Trey Grayson: Establishment candidate.
Sue Lowden: Former state GOP chair & chicken trader/
Bob Bennett: Bipartisan RINO
Jane Norton: Friend of John McCain (Did I mention John McCain?).

What do these rejections have in common? A denunciation of what the Republican Party stood for during the George W. Bush years. A rejection of “moderation” or “bipartisanship,” which are nothing but code words for a spineless and self-serving desire to “go along to get along.” A rejection of an oxymoronic “conservative” form of big government.

What do the winners have in common? Short or non-existent prior careers in government (with the exception of Marco Rubio), a conspicuous lack of endorsements from the NRSC or senior Republican leadership, and some rookie mistakes which, rather than turning off the voters, seemed to endear the candidates to the people as reminders that they are the closest thing we’ve seen in some years to true citizen legislators focused on returning the nation to something which Madison and Jefferson would recognize. But perhaps the most important thing the winners have in common was a convincing message of principle rather than just politics or party. It’s also worth re-emphasizing that both losing incumbent Senators (Bennett and Murkowski) supported some sort of government-run health care plan.

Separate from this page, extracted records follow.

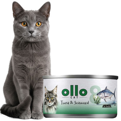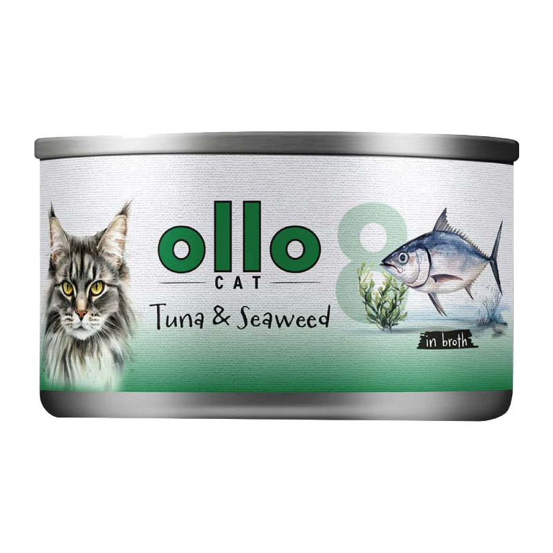 OLLO CAT Nr8 Tuńczyk i Wodorosty w Sosie Własnym 70g to produkt spożywczy dla kotów, który jest karmą uzupełniającą. Posiada skład mięsny bogaty w białko, kwasy tłuszczowe omega-3, witaminy i minerały, z dodatkiem wodorostów. Produkt ten jest niskokaloryczny i lekkostrawny, bez sztucznych dodatków.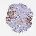 Antibody staining in the annotated cell types in the current human tissue is reported as not detected, low, medium, or high, based on conventional immunohistochemistry profiling in selected tissues. This score is based on the combination of the staining intensity and fraction of stained cells.
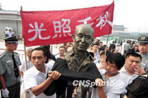 圖:民眾抬雕像送別國學(xué)大師季羨林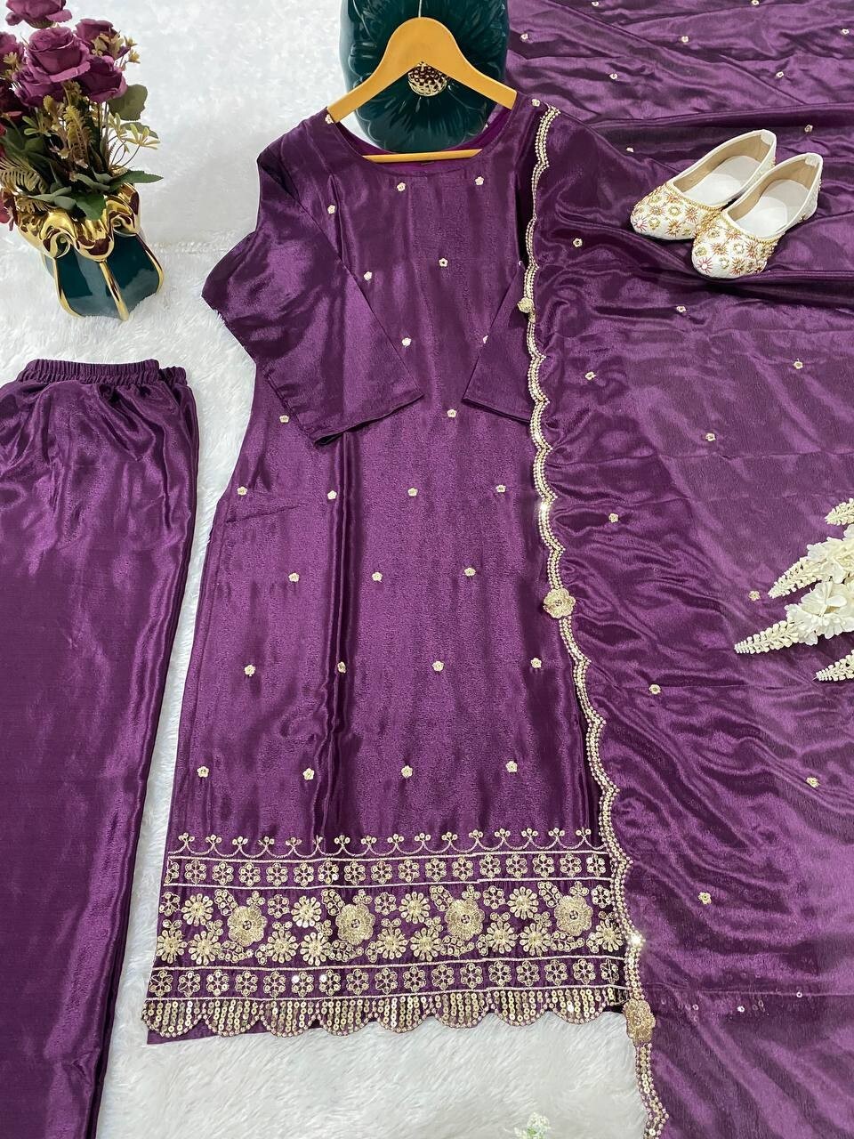 New Function Wear Purple Chinon Salwar Kameez With Dupatta For Women Girls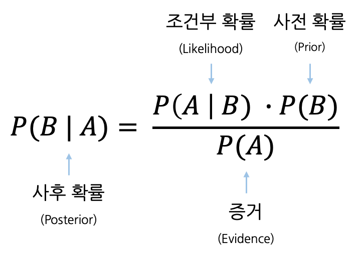 - $P(B)$: 사건 B가 일어날 확률 = 사건 A가 발생하기 전 사건 B가 일어날 확률 = 사전확률
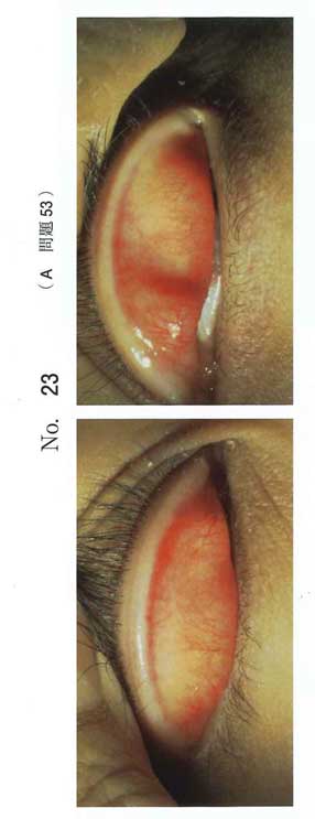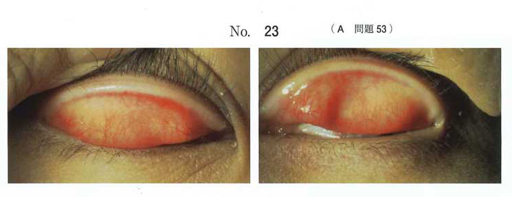 画像診断 別冊No. 23の両上眼瞼結膜の写真では、結膜充血が観察されている。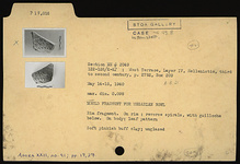 | Description: | Rim fragment. On rim: reverse spirals with guilloche below. On body: leaf pattern. Soft pinkish-buff clay; unglazed. | |

Voters have recognized that switching from one party’s idea of using big government to control our lives to the other party’s idea of that same plan is not change and offers no hope.

Republican primary voters screamed that it’s time for real hope and change. Or, more precisely, we can’t simply hope for change; we must create it by electing candidates whose views and principles we understand and recognize as reflections of our nation’s early self-reliant spirit. The time for blank slates, for mindless mantras (“Yes, we can!”), and blaming everything that’s going wrong on the last guy to sit in the chair is now, mercifully, a historical error worthy of analysis only in order to prevent its repetition.

But for 2010, the results of Republican primary contests represent the awakening of a sleeping giant, a giant that Democrats will call a hopeful figment of Republican imaginations until November 2 when his foot comes down on their heads with a crushing thud of real change. Now that’s something to hope for.